Sunday, July 31, 2011

One Morning in Maine

I met this 1930 Ford Model A Town Sedan outside the post office in Brooklin, Maine. It's a nearly-original car. Richard Hero, the owner, says his father bought it from the original owner in 1959.

The o.o. took delivery of the car in 1930 in Westborough, Mass. (BTW, Autoliterate found another 1930 Model A, a Cabriolet, in Nova Scotia a couple of weks back.) When the Heros got the sedan, it wore a layer of grey housepaint; the car was repainted its original colors in the mid-1970s.

The body has never been off the frame: all the welds are still there. It has been in Maine since 2006.
      If you've been following Autoliterate, you're aware we have a weakness for trucks, especially clean old Western machines. This International Harvester KB-5 was spotted at McVay's Garage in Blue Hill, Maine but it was wearing a South Dakota plate and, from the age and condition, we suspect it spent most of its life out there on the dry plains. Looks like a grain truck box, except there's no little door in the back to slide grain out of. It  probably was a farm truck, though; perhaps used for hauling livestock?

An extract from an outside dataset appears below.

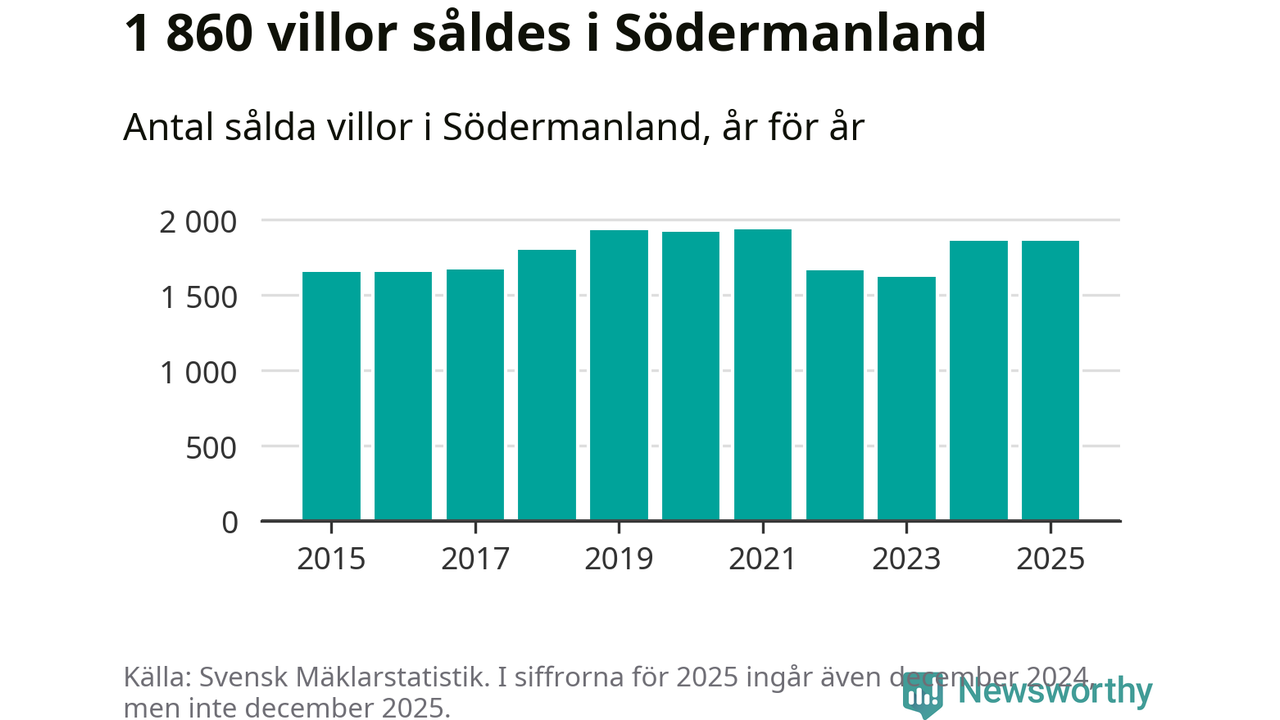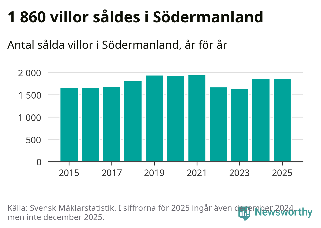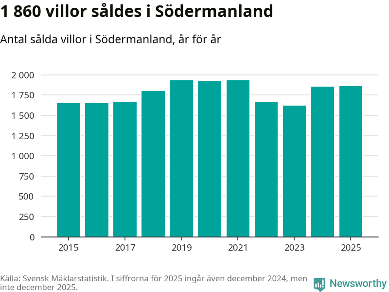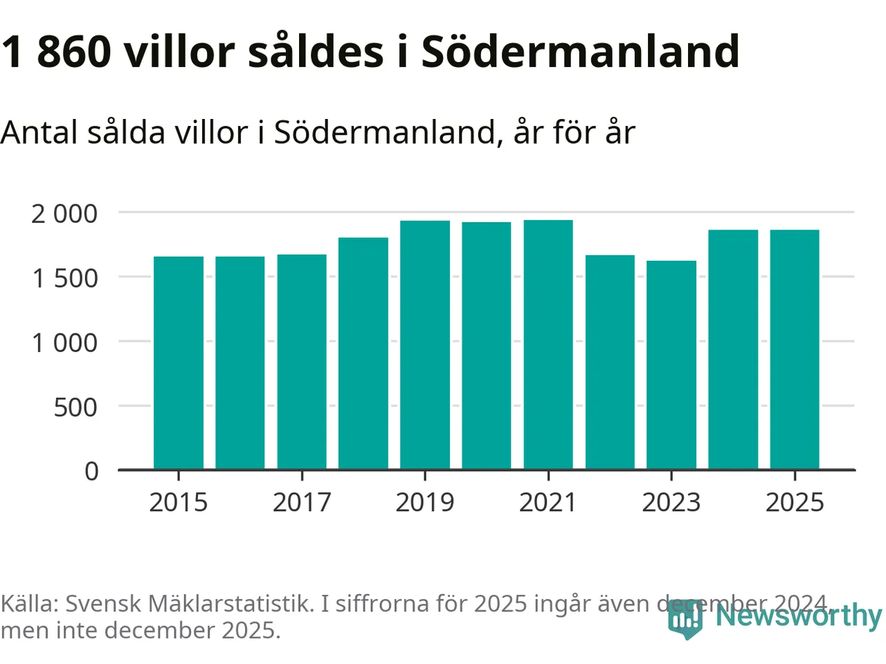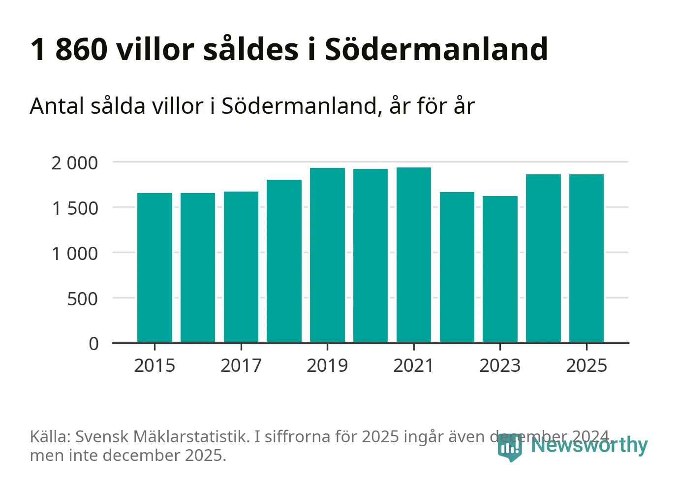 Antalet sålda villor ökade också något. Totalt såldes 1 860 villor, att jämföra med 1 857 under 2024. Det är andra året i rad som antalet sålda villor ökar i länet.

International Harvester's  K and KB trucks were introduced in the mid 1940s. In total there were 42 models, 142 different wheelbase lengths and load ratings ranging from 1/2 ton to 90,000 lbs. Acording to Wiki, the machines were known for durability, prewar design in a postwar era, and low price. The followup to the K, the KB, was introduced in 1947, with the characteristic difference being a widened lower grill appearing like "wings". The KB series went all the way up to KB-14.

And there's a graveyard of International Harvester KB's up in...where else? Saskatchewan. That prairie province seems to be the old truck center of the universe.